Traditional Chinese Medicine as an Adjunctive Therapy Improves Cardiac Function and Reduces Serum Inflammatory Markers in Patients with Chronic Heart Failure
Traditional Chinese Medicine Enhances Cardiac Function in Heart Failure
Abstract
Background: To analyze the effects of traditional Chinese medicine treatment compared to standard treatment in improving cardiac function and lowering serum biomarker levels in patients with chronic heart failure (CHF).
Methods: A total of 40 CHF patients admitted to the Cardiology Department of our hospital from January 2021 to August 2023 were selected as the study subjects. They were divided into an observation group (treated with traditional Chinese medicine) and a control group (treated with Western medicine standard therapy) based on a random number table, with 20 cases in each group. The clinical efficacy, Minnesota Living with Heart Failure Questionnaire (MLHFQ) scores before and after treatment, 6-minute walk test (6MWT) results, cardiac output (CO), ejection fraction (EF), left ventricular end-diastolic pressure (LVEDP), serum high-sensitivity C-reactive protein (hs-CRP), interleukin-6 (IL-6), tumor necrosis factor-alpha (TNF-α), and N-terminal pro-brain natriuretic peptide (NT-proBNP) levels were observed and compared between the two groups. Adverse reaction rates were also recorded.

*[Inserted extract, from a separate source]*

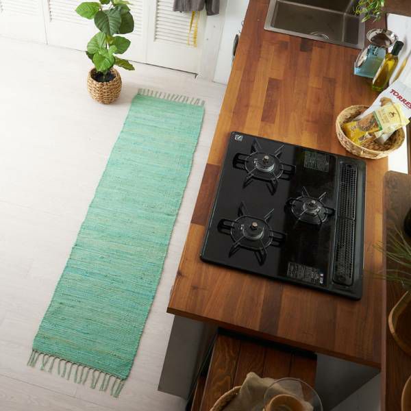 ロングカーペット 台所 キッチンラグ 廊下用マット キッチンマット フリンジ 無地 インド製 コットン100% 約 45×180cm ラグ ラグマット 夏用 コットンラグ 室内 キリム風ラグ 廊下 ベッドサイド おしゃれ 北欧 綿100% 西海岸 韓国 ボーホー モダン ヴィンテージ 風 [34527]

Results: The total effective rate of the observation group was higher than that of the control group, and the intergroup comparison showed statistical differences (P < 0.05). Before treatment, there were no statistically significant differences in MLHFQ scores, 6MWT results, CO, EF, LVEDP, serum hs-CRP, IL-6, TNF-α, and NT-proBNP levels between the two groups (P > 0.05). However, after treatment, the MLHFQ scores, LVEDP, serum hs-CRP, IL-6, TNF-α, and NT-proBNP levels in the observation group were lower than those in the control group, while the 6MWT results, CO, and EF were higher than those in the control group, and the intergroup comparisons showed statistical differences (P < 0.05). The adverse reaction rate in the observation group was lower than that in the control group, and the intergroup comparison showed statistical differences (P < 0.05).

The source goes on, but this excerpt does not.